Collection entries:
---*---
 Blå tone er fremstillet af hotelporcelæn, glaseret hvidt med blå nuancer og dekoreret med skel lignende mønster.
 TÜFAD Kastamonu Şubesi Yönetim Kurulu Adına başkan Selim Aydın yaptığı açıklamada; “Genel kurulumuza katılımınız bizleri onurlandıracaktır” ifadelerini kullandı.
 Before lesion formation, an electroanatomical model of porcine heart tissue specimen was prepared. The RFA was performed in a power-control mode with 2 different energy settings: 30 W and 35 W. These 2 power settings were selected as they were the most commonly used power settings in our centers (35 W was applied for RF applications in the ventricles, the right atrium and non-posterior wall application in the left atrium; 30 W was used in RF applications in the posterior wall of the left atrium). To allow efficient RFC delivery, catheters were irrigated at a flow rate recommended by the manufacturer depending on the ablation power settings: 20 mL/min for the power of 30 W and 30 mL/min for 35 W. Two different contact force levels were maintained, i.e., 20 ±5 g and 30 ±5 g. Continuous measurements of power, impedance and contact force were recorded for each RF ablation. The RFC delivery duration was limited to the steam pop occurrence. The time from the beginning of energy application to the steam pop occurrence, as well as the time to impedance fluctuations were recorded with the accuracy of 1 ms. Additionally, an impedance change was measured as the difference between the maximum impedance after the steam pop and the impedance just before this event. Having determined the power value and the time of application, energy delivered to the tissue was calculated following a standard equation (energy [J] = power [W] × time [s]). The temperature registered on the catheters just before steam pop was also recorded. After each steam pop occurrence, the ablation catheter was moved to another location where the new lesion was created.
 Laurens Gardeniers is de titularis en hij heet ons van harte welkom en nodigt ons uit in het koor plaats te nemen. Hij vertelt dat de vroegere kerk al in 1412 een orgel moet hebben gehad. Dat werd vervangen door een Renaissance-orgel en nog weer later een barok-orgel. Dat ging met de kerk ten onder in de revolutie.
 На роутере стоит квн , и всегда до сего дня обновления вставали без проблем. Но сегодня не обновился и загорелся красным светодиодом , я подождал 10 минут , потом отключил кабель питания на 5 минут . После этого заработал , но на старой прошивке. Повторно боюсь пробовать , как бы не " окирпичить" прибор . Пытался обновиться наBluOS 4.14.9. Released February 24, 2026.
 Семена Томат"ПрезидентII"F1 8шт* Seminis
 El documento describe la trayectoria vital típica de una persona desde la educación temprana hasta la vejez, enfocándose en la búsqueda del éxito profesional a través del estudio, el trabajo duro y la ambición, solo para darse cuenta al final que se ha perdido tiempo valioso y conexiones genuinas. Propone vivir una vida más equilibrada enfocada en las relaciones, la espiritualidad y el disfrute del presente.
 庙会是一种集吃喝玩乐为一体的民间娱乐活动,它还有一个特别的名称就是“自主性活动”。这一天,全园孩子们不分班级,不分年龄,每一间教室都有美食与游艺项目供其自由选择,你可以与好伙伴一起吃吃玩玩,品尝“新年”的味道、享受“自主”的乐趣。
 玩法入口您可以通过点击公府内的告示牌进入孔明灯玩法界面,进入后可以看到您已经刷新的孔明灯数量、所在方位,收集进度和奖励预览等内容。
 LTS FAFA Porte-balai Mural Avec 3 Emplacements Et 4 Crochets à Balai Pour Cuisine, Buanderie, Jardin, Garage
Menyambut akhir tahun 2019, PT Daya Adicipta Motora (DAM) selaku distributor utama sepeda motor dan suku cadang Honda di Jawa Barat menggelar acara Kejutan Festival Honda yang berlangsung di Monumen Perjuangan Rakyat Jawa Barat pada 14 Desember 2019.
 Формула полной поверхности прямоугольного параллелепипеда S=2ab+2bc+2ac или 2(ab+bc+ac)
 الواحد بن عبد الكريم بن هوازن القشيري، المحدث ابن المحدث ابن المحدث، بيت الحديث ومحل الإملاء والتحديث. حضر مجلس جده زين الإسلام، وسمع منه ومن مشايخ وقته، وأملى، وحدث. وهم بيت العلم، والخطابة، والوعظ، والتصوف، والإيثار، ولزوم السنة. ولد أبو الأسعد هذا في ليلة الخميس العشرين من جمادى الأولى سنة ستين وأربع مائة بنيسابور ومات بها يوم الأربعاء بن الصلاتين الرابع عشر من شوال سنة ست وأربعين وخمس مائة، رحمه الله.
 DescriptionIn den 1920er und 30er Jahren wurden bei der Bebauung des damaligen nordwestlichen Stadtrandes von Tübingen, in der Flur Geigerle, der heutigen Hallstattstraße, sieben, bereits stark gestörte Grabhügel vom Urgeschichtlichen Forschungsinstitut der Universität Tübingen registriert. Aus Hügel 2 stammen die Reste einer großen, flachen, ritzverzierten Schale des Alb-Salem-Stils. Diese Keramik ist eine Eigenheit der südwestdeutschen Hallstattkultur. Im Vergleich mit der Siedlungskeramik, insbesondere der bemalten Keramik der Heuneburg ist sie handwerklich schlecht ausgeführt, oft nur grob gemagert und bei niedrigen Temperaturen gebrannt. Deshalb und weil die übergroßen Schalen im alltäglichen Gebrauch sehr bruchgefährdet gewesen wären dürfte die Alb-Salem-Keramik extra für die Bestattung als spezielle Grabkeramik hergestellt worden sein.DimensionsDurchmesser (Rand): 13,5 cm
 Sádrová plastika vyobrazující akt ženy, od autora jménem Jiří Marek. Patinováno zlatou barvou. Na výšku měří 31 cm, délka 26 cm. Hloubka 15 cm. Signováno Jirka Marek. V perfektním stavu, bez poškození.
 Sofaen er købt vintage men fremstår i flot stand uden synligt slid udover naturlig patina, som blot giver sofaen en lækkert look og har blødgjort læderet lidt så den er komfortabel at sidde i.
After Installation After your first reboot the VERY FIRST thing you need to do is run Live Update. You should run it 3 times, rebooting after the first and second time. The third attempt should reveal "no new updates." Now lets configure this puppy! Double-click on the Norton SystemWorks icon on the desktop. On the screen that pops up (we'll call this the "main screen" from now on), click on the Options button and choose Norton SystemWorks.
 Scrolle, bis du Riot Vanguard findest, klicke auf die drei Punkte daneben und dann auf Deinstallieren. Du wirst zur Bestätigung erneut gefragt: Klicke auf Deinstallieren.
---*---
- **Work instruction**
Could you give the records again, exactly as they appear?

- **Exercise response**
 Blå tone er fremstillet af hotelporcelæn, glaseret hvidt med blå nuancer og dekoreret med skel lignende mønster.
 TÜFAD Kastamonu Şubesi Yönetim Kurulu Adına başkan Selim Aydın yaptığı açıklamada; “Genel kurulumuza katılımınız bizleri onurlandıracaktır” ifadelerini kullandı.
 Before lesion formation, an electroanatomical model of porcine heart tissue specimen was prepared. The RFA was performed in a power-control mode with 2 different energy settings: 30 W and 35 W. These 2 power settings were selected as they were the most commonly used power settings in our centers (35 W was applied for RF applications in the ventricles, the right atrium and non-posterior wall application in the left atrium; 30 W was used in RF applications in the posterior wall of the left atrium). To allow efficient RFC delivery, catheters were irrigated at a flow rate recommended by the manufacturer depending on the ablation power settings: 20 mL/min for the power of 30 W and 30 mL/min for 35 W. Two different contact force levels were maintained, i.e., 20 ±5 g and 30 ±5 g. Continuous measurements of power, impedance and contact force were recorded for each RF ablation. The RFC delivery duration was limited to the steam pop occurrence. The time from the beginning of energy application to the steam pop occurrence, as well as the time to impedance fluctuations were recorded with the accuracy of 1 ms. Additionally, an impedance change was measured as the difference between the maximum impedance after the steam pop and the impedance just before this event. Having determined the power value and the time of application, energy delivered to the tissue was calculated following a standard equation (energy [J] = power [W] × time [s]). The temperature registered on the catheters just before steam pop was also recorded. After each steam pop occurrence, the ablation catheter was moved to another location where the new lesion was created.
 Laurens Gardeniers is de titularis en hij heet ons van harte welkom en nodigt ons uit in het koor plaats te nemen. Hij vertelt dat de vroegere kerk al in 1412 een orgel moet hebben gehad. Dat werd vervangen door een Renaissance-orgel en nog weer later een barok-orgel. Dat ging met de kerk ten onder in de revolutie.
 На роутере стоит квн , и всегда до сего дня обновления вставали без проблем. Но сегодня не обновился и загорелся красным светодиодом , я подождал 10 минут , потом отключил кабель питания на 5 минут . После этого заработал , но на старой прошивке. Повторно боюсь пробовать , как бы не " окирпичить" прибор . Пытался обновиться наBluOS 4.14.9. Released February 24, 2026.
 Семена Томат"ПрезидентII"F1 8шт* Seminis
 El documento describe la trayectoria vital típica de una persona desde la educación temprana hasta la vejez, enfocándose en la búsqueda del éxito profesional a través del estudio, el trabajo duro y la ambición, solo para darse cuenta al final que se ha perdido tiempo valioso y conexiones genuinas. Propone vivir una vida más equilibrada enfocada en las relaciones, la espiritualidad y el disfrute del presente.
 庙会是一种集吃喝玩乐为一体的民间娱乐活动,它还有一个特别的名称就是“自主性活动”。这一天,全园孩子们不分班级,不分年龄,每一间教室都有美食与游艺项目供其自由选择,你可以与好伙伴一起吃吃玩玩,品尝“新年”的味道、享受“自主”的乐趣。
 玩法入口您可以通过点击公府内的告示牌进入孔明灯玩法界面,进入后可以看到您已经刷新的孔明灯数量、所在方位,收集进度和奖励预览等内容。
 LTS FAFA Porte-balai Mural Avec 3 Emplacements Et 4 Crochets à Balai Pour Cuisine, Buanderie, Jardin, Garage
Menyambut akhir tahun 2019, PT Daya Adicipta Motora (DAM) selaku distributor utama sepeda motor dan suku cadang Honda di Jawa Barat menggelar acara Kejutan Festival Honda yang berlangsung di Monumen Perjuangan Rakyat Jawa Barat pada 14 Desember 2019.
 Формула полной поверхности прямоугольного параллелепипеда S=2ab+2bc+2ac или 2(ab+bc+ac)
 الواحد بن عبد الكريم بن هوازن القشيري، المحدث ابن المحدث ابن المحدث، بيت الحديث ومحل الإملاء والتحديث. حضر مجلس جده زين الإسلام، وسمع منه ومن مشايخ وقته، وأملى، وحدث. وهم بيت العلم، والخطابة، والوعظ، والتصوف، والإيثار، ولزوم السنة. ولد أبو الأسعد هذا في ليلة الخميس العشرين من جمادى الأولى سنة ستين وأربع مائة بنيسابور ومات بها يوم الأربعاء بن الصلاتين الرابع عشر من شوال سنة ست وأربعين وخمس مائة، رحمه الله.
 DescriptionIn den 1920er und 30er Jahren wurden bei der Bebauung des damaligen nordwestlichen Stadtrandes von Tübingen, in der Flur Geigerle, der heutigen Hallstattstraße, sieben, bereits stark gestörte Grabhügel vom Urgeschichtlichen Forschungsinstitut der Universität Tübingen registriert. Aus Hügel 2 stammen die Reste einer großen, flachen, ritzverzierten Schale des Alb-Salem-Stils. Diese Keramik ist eine Eigenheit der südwestdeutschen Hallstattkultur. Im Vergleich mit der Siedlungskeramik, insbesondere der bemalten Keramik der Heuneburg ist sie handwerklich schlecht ausgeführt, oft nur grob gemagert und bei niedrigen Temperaturen gebrannt. Deshalb und weil die übergroßen Schalen im alltäglichen Gebrauch sehr bruchgefährdet gewesen wären dürfte die Alb-Salem-Keramik extra für die Bestattung als spezielle Grabkeramik hergestellt worden sein.DimensionsDurchmesser (Rand): 13,5 cm
 Sádrová plastika vyobrazující akt ženy, od autora jménem Jiří Marek. Patinováno zlatou barvou. Na výšku měří 31 cm, délka 26 cm. Hloubka 15 cm. Signováno Jirka Marek. V perfektním stavu, bez poškození.
 Sofaen er købt vintage men fremstår i flot stand uden synligt slid udover naturlig patina, som blot giver sofaen en lækkert look og har blødgjort læderet lidt så den er komfortabel at sidde i.
After Installation After your first reboot the VERY FIRST thing you need to do is run Live Update. You should run it 3 times, rebooting after the first and second time. The third attempt should reveal "no new updates." Now lets configure this puppy! Double-click on the Norton SystemWorks icon on the desktop. On the screen that pops up (we'll call this the "main screen" from now on), click on the Options button and choose Norton SystemWorks.
 Scrolle, bis du Riot Vanguard findest, klicke auf die drei Punkte daneben und dann auf Deinstallieren. Du wirst zur Bestätigung erneut gefragt: Klicke auf Deinstallieren.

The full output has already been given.